EXERCISE INPUTS:
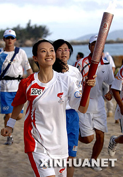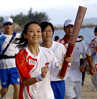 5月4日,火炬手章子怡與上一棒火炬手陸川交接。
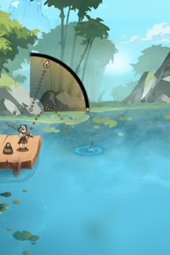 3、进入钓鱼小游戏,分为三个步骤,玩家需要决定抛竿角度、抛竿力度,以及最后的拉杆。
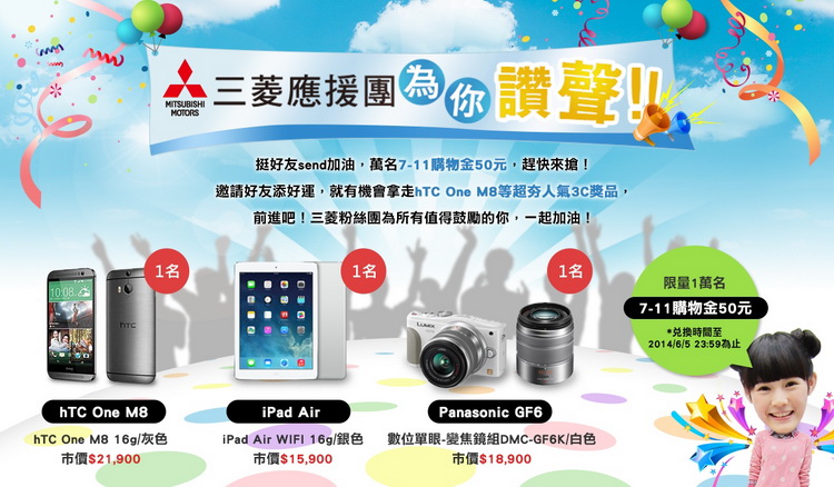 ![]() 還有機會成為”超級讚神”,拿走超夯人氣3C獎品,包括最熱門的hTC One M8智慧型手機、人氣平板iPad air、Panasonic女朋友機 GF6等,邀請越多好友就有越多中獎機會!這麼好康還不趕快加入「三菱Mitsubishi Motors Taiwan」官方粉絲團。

==

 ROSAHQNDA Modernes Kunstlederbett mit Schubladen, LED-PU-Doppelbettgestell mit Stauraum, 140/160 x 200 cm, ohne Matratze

WHAT YOU ARE ASKED TO DO: Output only the stretch above from the line with "5月4日,火炬手章子怡與上一棒火炬手陸川交接。" through the line with "GF6等,邀請越多好友就有越多中獎機會!這麼好康還不趕快加入「三菱Mitsubishi Motors Taiwan」官方粉絲團。", reproduced exactly. Exclude pictures.

RESPONSE TO THIS EXERCISE:
 5月4日,火炬手章子怡與上一棒火炬手陸川交接。
 3、进入钓鱼小游戏,分为三个步骤,玩家需要决定抛竿角度、抛竿力度,以及最后的拉杆。
 ![]() 還有機會成為”超級讚神”,拿走超夯人氣3C獎品,包括最熱門的hTC One M8智慧型手機、人氣平板iPad air、Panasonic女朋友機 GF6等,邀請越多好友就有越多中獎機會!這麼好康還不趕快加入「三菱Mitsubishi Motors Taiwan」官方粉絲團。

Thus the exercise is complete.